The pharmacokinetics of LEV after rectal administration in both healthy and epileptic dogs recently has been investigated. These studies indicated that administration of 40 mg/kg per rectum achieved the minimum target concentration of 5 μg/mL 10 and 30 minutes after the administration in healthy and affected dogs, respectively.11, 12

Our aim was to investigate the clinical efficacy of rectally administered LEV in preventing additional seizures when administered to dogs presented for CS and SE. We hypothesized that administration of LEV rectally in addition to a standard treatment protocol would provide better control of seizure activity as compared with the standard treatment protocol alone.

2. MATERIALS AND METHODS

The study was approved by the Bioethics Committee of the University of Turin (protocol #9834, dated February 25, 2016). Written informed consent was obtained from the dog owners before enrollment in this open‐label clinical trial.

2.1. Dogs

Dogs referred to the Veterinary Teaching Hospital (VTH) of the Department of Veterinary Science, Turin, between September 2016 and May 2018 for CS or SE of any type were eligible for inclusion in the study. No age, breed, or sex limitations were applied. If the dogs were referred to the VTH for CS or SE multiple times during the study period, only the first hospitalization was considered for the purpose of the study. Status epilepticus and CS were defined according to the definitions of the International Veterinary Epilepsy Task Force (IVETF) consensus report.13

Minimum database blood tests, including CBC, serum biochemistry profile, serum electrolyte concentrations, blood ammonia concentration, and preprandial and postprandial bile acid concentrations were performed. All dogs underwent neurological examination by a board‐certified neurologist (A.D.) or a neurology resident (G.C.) under the supervision of the board‐certified neurologist. Dogs were excluded if already under treatment with LEV for long‐term seizure control or if further diagnostic tests indicated reactive seizures.

A diagnosis of idiopathic epilepsy was made according to the IVETF consensus report,14 whereas a diagnosis of structural epilepsy was suspected when reactive causes of seizures were excluded, along with signalment, history, and an abnormal interictal neurological examination. Magnetic resonance imaging results, cerebrospinal fluid analysis results or both were included if available but were not required for the diagnosis of structural epilepsy.

Eight dogs included in the present study had been enrolled in a previous study evaluating the pharmacokinetics of LEV administered per rectum in dogs with CS and SE.12

2.2. Study design

At the time of presentation to the VTH, a standard care protocol comprising rectal/IV diazepam (at a dosage of 1‐2 mg/kg if the patient was seizuring at presentation) followed by IV phenobarbital (PB; 4‐5 mg/kg q8h) was administered to each dog. After administration of these medications, the patients were selected to receive either a single dose of rectal LEV at a dosage of 40 mg/kg in association with PB q8h (rectal LEV group) or no other medications except for PB q8h (control group).
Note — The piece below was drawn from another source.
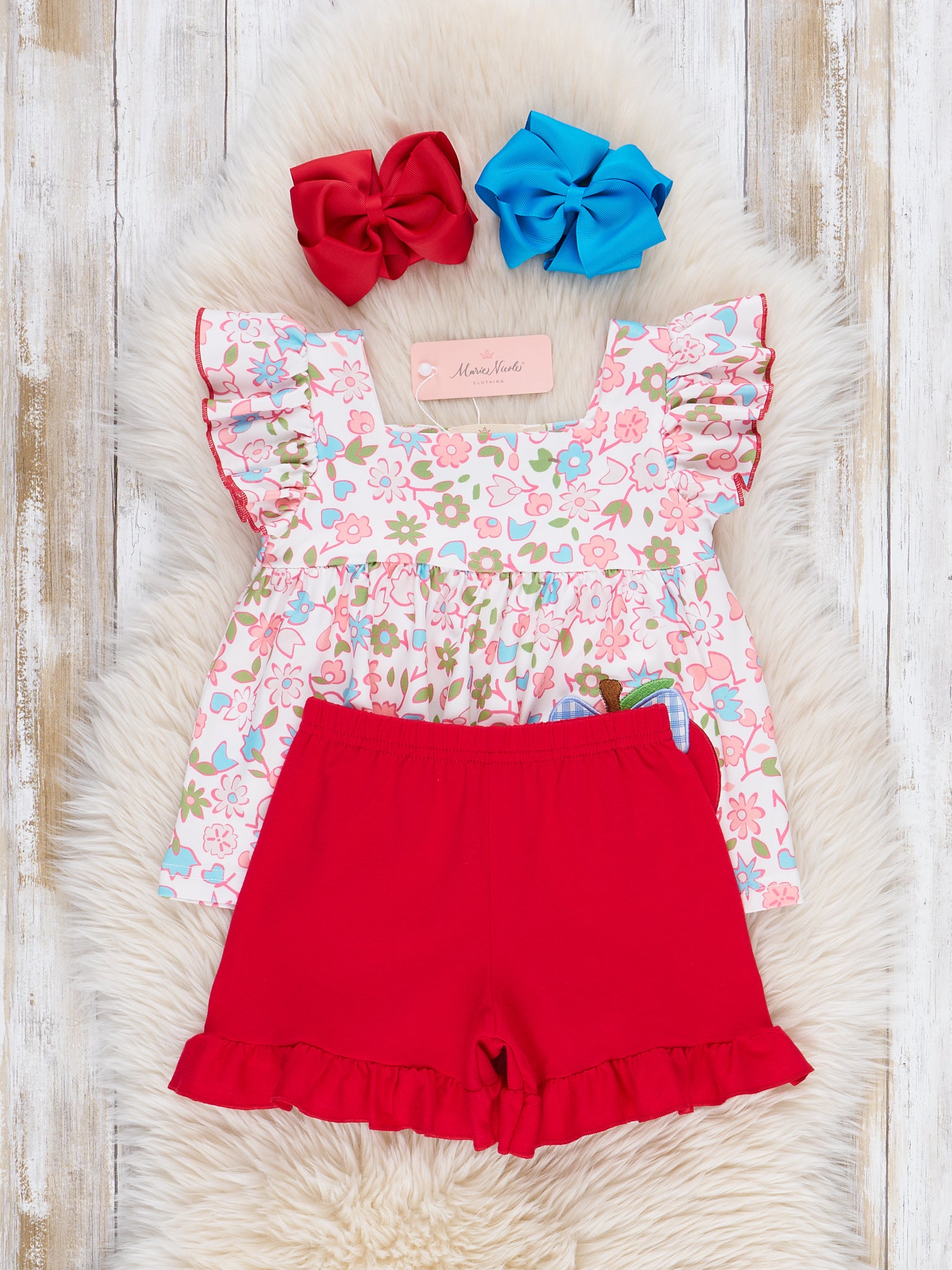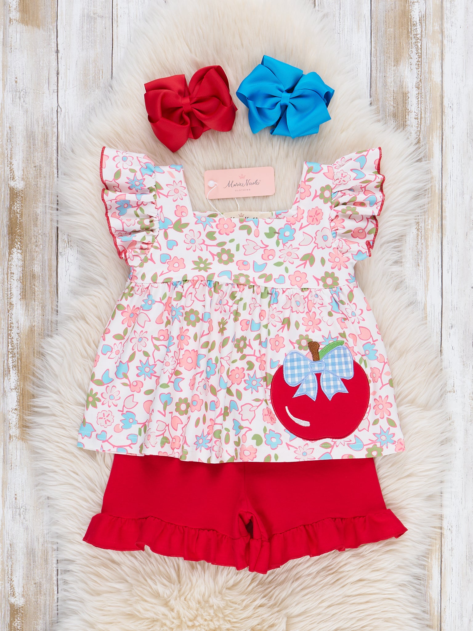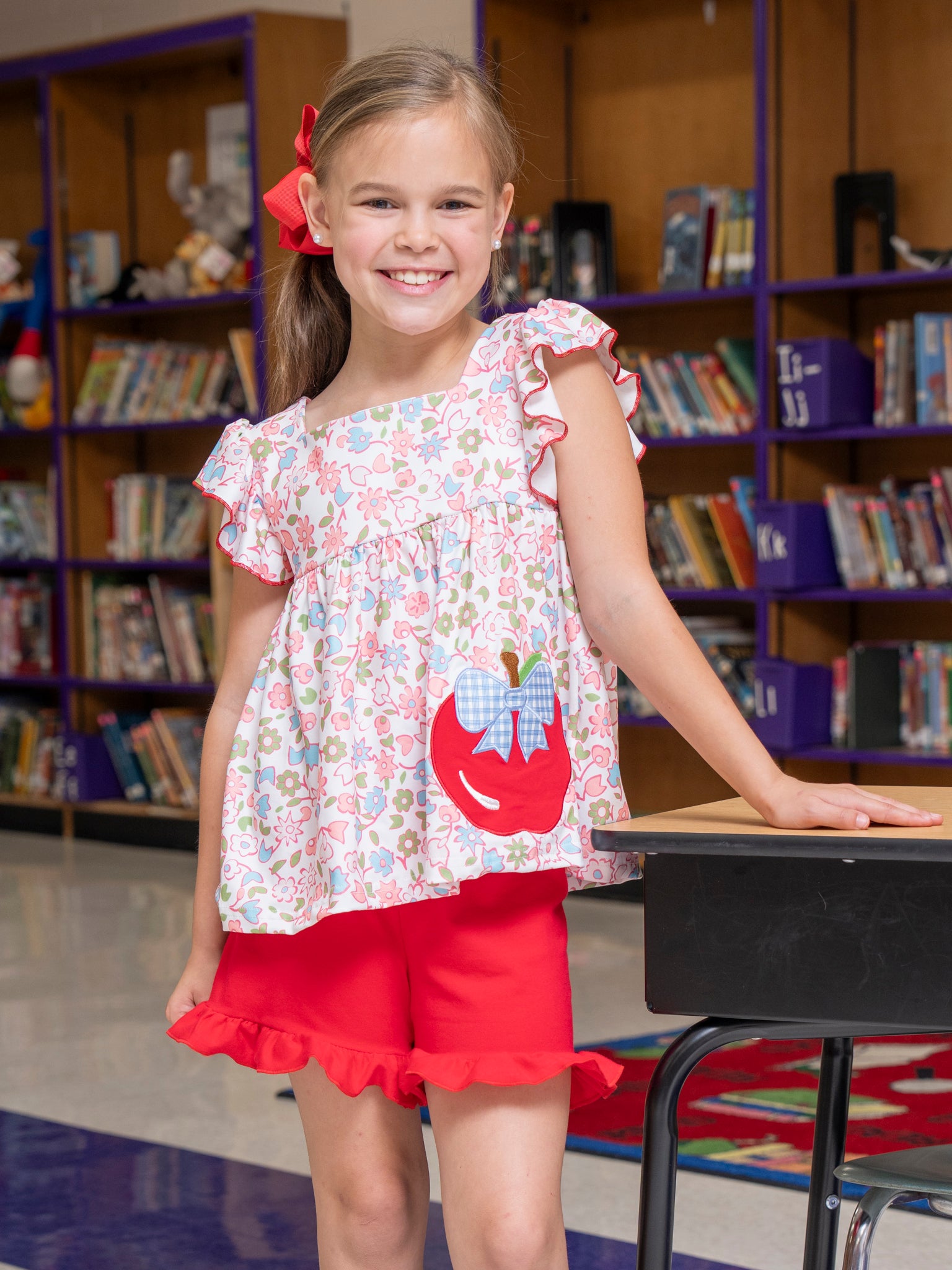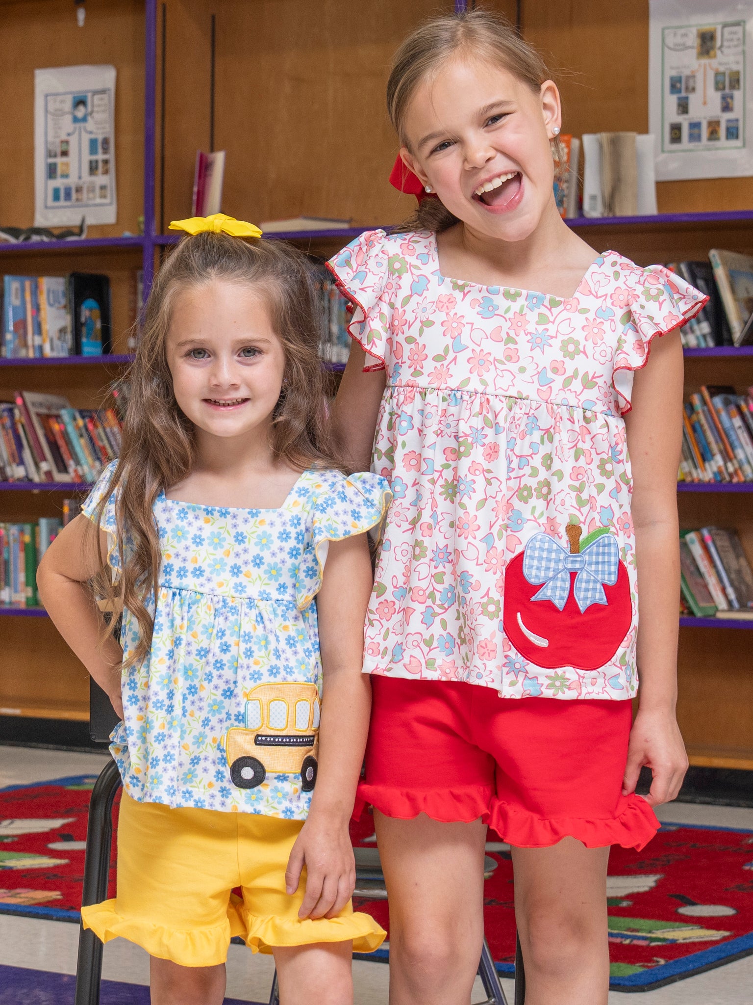 Hop on the style bus with the Floral Embroidered Red Delicious Ruffle Outfit! Featuring a whimsical apple embroidery paired with beautiful floral accents, this two-piece set from Marie Nicole Clothing is as cute as it is comfy. Perfect for school days, playdates, or a fun trip around town, this outfit brings a fun, adventurous vibe to any wardrobe.

No proper randomization of patients between the 2 study groups was performed because the dog owner, through written informed consent, made the final decision for assigning the dog to the rectal LEV group or control group.

The LEV suspension employed was created and administered as previously reported.12 The dogs were monitored for additional seizures for the first 24 hours after admission and until discharge. Dogs that experienced no additional seizures in the first 24 hours were defined as responders, whereas those that showed additional seizure activity and therefore required other AEMs in the first 24 hours were classified as nonresponders.

2.3. Statistical analysis

Statistical analysis was performed using commercially available software (R 3.5.2—R Core Team, 2018). Data were analyzed for normality using the Shapiro‐Wilk test and were found to be nonparametric. Numerical data (age and body weight) were tested using the Wilcoxon rank sum test; categorical data (sex, reason for presentation, and seizure etiology) were tested using the test for equality of proportions or Chi‐square test, where appropriate. A comparison between the number of responders versus nonresponders between the 2 groups was carried out using Fisher's 2‐tailed exact test. In addition, a comparison between the number of responders versus nonresponders in relation to the etiology (idiopathic versus suspected or confirmed structural epilepsy) of seizure activity was performed using Fisher's 2‐tailed exact test. Results were considered statistically significant at a significance level of P < .05.

3. RESULTS

Sixty‐six dogs were referred because of CS and SE to the VTH between September 2016 and May 2018. Nine of 66 patients were excluded from the study. Four patients were excluded because further investigations led to a diagnosis of reactive seizures, 4 because they were already being treated with LEV for long‐term seizure control, and 1 patient because the episodes possibly related to seizure activity were witnessed only by the owner and no proper evidence of epileptic seizures could be obtained, respectively.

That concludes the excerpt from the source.